(Input begins)
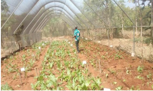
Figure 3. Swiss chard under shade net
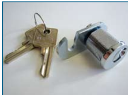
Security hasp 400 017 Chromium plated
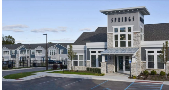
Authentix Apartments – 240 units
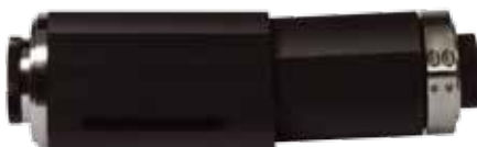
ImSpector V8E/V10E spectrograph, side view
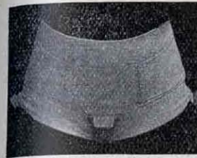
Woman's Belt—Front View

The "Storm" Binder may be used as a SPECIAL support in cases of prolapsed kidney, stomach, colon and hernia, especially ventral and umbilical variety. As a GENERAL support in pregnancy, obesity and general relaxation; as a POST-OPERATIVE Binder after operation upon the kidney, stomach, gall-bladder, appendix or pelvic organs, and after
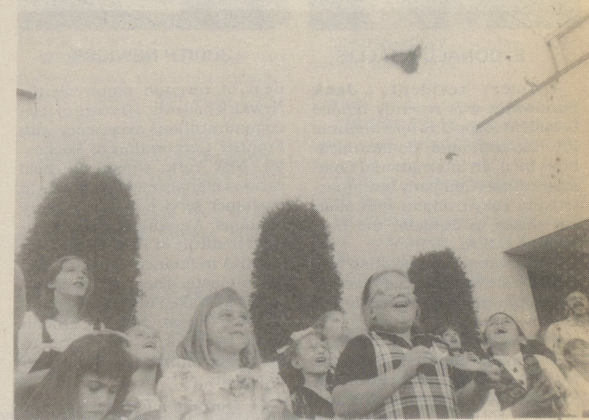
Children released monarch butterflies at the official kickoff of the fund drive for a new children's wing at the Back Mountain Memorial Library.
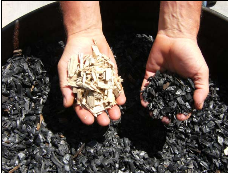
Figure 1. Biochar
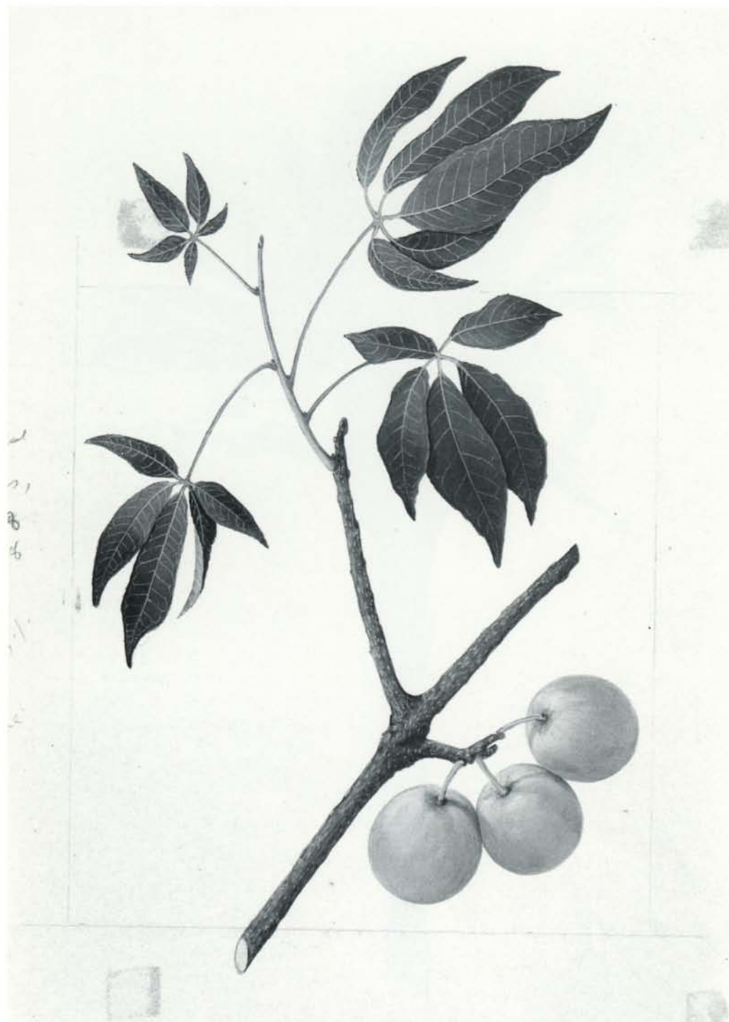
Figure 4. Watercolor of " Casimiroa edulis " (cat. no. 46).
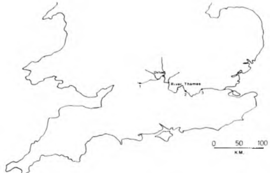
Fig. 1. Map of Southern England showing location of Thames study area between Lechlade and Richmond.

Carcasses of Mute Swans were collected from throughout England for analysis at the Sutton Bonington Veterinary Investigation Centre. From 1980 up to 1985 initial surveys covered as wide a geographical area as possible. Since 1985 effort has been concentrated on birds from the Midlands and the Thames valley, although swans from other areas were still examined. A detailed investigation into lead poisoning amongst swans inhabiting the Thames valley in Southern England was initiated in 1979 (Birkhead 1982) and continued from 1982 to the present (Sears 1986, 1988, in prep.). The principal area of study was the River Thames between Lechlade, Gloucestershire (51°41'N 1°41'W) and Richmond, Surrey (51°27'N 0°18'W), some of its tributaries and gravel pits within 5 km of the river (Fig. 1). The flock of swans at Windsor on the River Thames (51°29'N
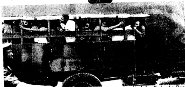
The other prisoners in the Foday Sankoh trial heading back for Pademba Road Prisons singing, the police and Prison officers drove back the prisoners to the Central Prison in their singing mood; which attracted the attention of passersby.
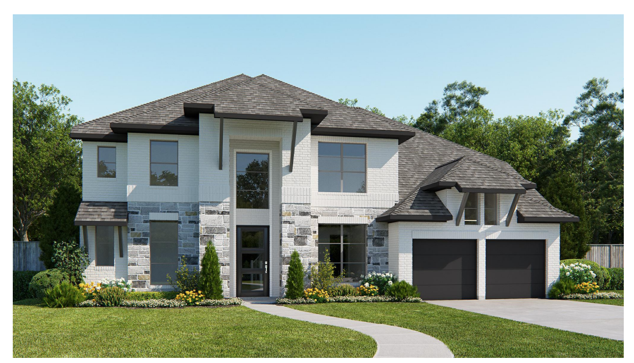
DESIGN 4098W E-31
(Input ends)
* [What is required]:
Within the records, filter for lines that contain the word "England" and show each one.

* [Worked solution]:
Fig. 1. Map of Southern England showing location of Thames study area between Lechlade and Richmond.
Carcasses of Mute Swans were collected from throughout England for analysis at the Sutton Bonington Veterinary Investigation Centre. From 1980 up to 1985 initial surveys covered as wide a geographical area as possible. Since 1985 effort has been concentrated on birds from the Midlands and the Thames valley, although swans from other areas were still examined. A detailed investigation into lead poisoning amongst swans inhabiting the Thames valley in Southern England was initiated in 1979 (Birkhead 1982) and continued from 1982 to the present (Sears 1986, 1988, in prep.). The principal area of study was the River Thames between Lechlade, Gloucestershire (51°41'N 1°41'W) and Richmond, Surrey (51°27'N 0°18'W), some of its tributaries and gravel pits within 5 km of the river (Fig. 1). The flock of swans at Windsor on the River Thames (51°29'N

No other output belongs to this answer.